The masked figure extended a hand, and the darkness shifted. A scene unfolded—a vision of a war unlike any other.
Blazing celestial armies clashed with monstrous entities of writhing void. Titans of light and abyss locked in combat, their strikes shaking the very fabric of existence. Among them, a lone warrior stood at the battlefield’s center, wielding a sword of pure radiance, cutting down both gods and horrors alike.
Aiden’s breath caught.
The warrior… was him.
Or rather, someone who looked exactly like him.
“You were not always Aiden.”
“You were once the Harbinger of Equilibrium—the one who stood between creation and oblivion.”
The scene changed. The warrior raised his sword, preparing for a final strike—one that could end the war. But before the blade could descend, a force intervened.
A fracture. A split.
And then—nothing.
Darkness. Oblivion. Silence.
Until now.
Aiden staggered back. His mind reeled from the implications. “That’s not possible. I… I was born in the mortal realm. I lived my life—I wasn’t some celestial warrior!”
The masked figure stepped forward, voice unyielding.
“You were shattered. Cast into the cycle of reincarnation. Your memories—your power—sealed away until the time was right.”

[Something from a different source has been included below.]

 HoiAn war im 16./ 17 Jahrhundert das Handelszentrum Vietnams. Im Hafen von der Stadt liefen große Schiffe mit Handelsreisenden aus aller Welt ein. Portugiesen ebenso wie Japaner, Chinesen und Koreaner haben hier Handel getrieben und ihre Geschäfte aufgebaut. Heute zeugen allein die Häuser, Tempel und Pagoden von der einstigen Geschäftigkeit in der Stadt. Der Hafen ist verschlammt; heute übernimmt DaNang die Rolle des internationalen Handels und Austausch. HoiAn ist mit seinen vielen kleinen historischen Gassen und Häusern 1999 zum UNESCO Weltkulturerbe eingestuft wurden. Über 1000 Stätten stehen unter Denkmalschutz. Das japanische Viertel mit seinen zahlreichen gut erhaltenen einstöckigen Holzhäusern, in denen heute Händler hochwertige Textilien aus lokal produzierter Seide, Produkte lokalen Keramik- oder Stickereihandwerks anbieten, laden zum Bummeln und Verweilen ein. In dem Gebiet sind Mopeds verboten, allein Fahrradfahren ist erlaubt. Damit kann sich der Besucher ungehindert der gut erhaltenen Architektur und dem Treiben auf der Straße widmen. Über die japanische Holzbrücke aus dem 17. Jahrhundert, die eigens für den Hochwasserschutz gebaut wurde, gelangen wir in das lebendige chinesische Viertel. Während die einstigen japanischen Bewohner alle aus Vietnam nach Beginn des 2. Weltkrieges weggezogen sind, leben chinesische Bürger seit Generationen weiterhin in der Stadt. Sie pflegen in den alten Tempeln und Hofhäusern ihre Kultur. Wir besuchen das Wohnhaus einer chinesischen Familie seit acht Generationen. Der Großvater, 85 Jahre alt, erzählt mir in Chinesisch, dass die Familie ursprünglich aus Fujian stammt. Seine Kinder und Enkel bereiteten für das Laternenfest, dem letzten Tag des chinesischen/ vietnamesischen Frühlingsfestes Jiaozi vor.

“And now… the seal is breaking.”
Aiden felt a searing burn in his chest. The mark on his body pulsed, its golden glow intensifying.
It was awakening.
The figure loomed over him.
“The choice remains. Will you reclaim your past… or will you remain bound to the illusion of who you are now?”
Aiden’s mind raced. If this was true… if he was truly meant to be something more… then what did that mean for everything he had fought for?

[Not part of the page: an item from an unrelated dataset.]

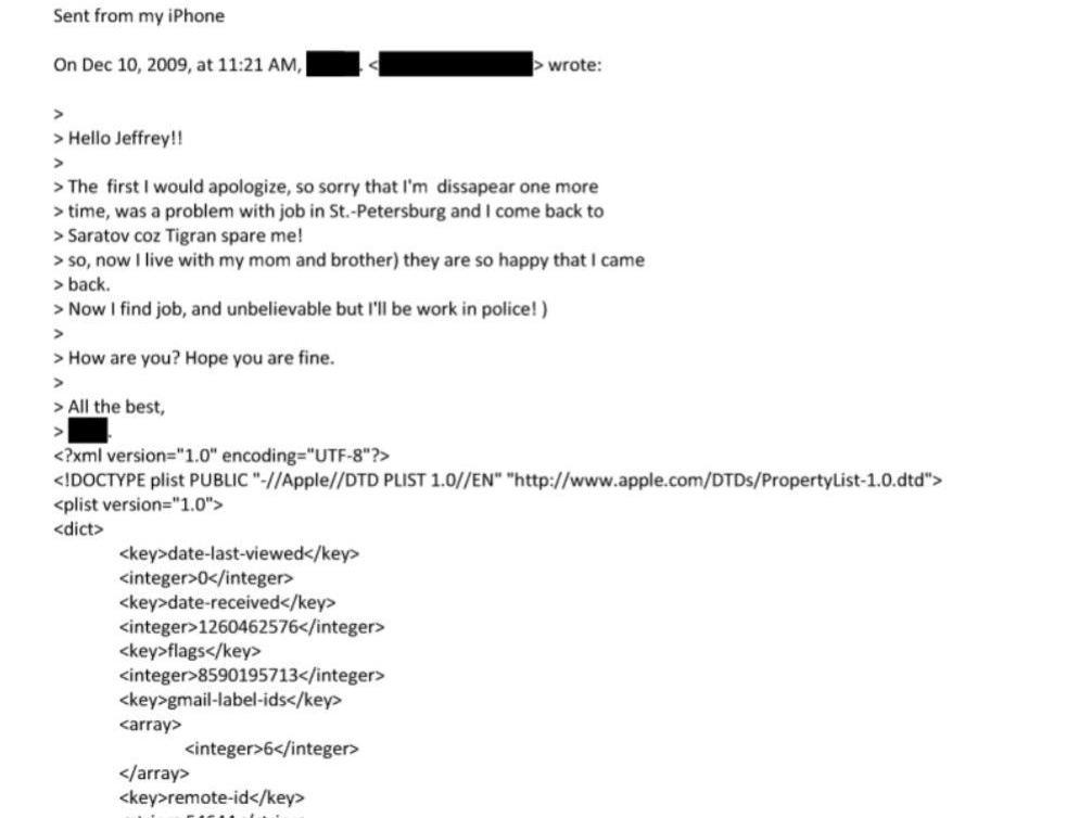 According to her, her family is happy that she returned. The unknown woman added that she is now looking for work and, «as incredible as it may seem,» will work in the local police. She also asked Jeffrey if everything was going well with him and wished him all the best. Epstein responded to the message: «I understand. Do you still want to come visit? I»ll arrange everything.«

His team. His friends. His mission against the Abyss.
Were they all just remnants of a life that was never meant to be?
His fists tightened.
No.
“I don’t care who I was,” Aiden said, his voice resolute. “I decide who I am now.”
The figure was silent for a long moment. Then, a low chuckle echoed through the void.
“Then prove it.”
The darkness collapsed inward.
Aiden barely had time to brace himself before reality snapped back into place.
Vael’Theris Ruins – Present
Aiden gasped as he fell back, breaking contact with the monolith. His team surrounded him, their voices urgent.
“Aiden! Are you alright?!” Myne’s voice was laced with worry.
Rick’s eyes darted to the monolith, then back to Aiden. “What the hell just happened? You were standing there, glowing like a damn beacon!”
Aiden steadied his breathing, his mind still spinning.
He could feel it—something inside him had changed. The mark was no longer dormant. It pulsed with power, as if responding to an unseen force.
But more than that…
He knew that the war he was fighting now was only the beginning.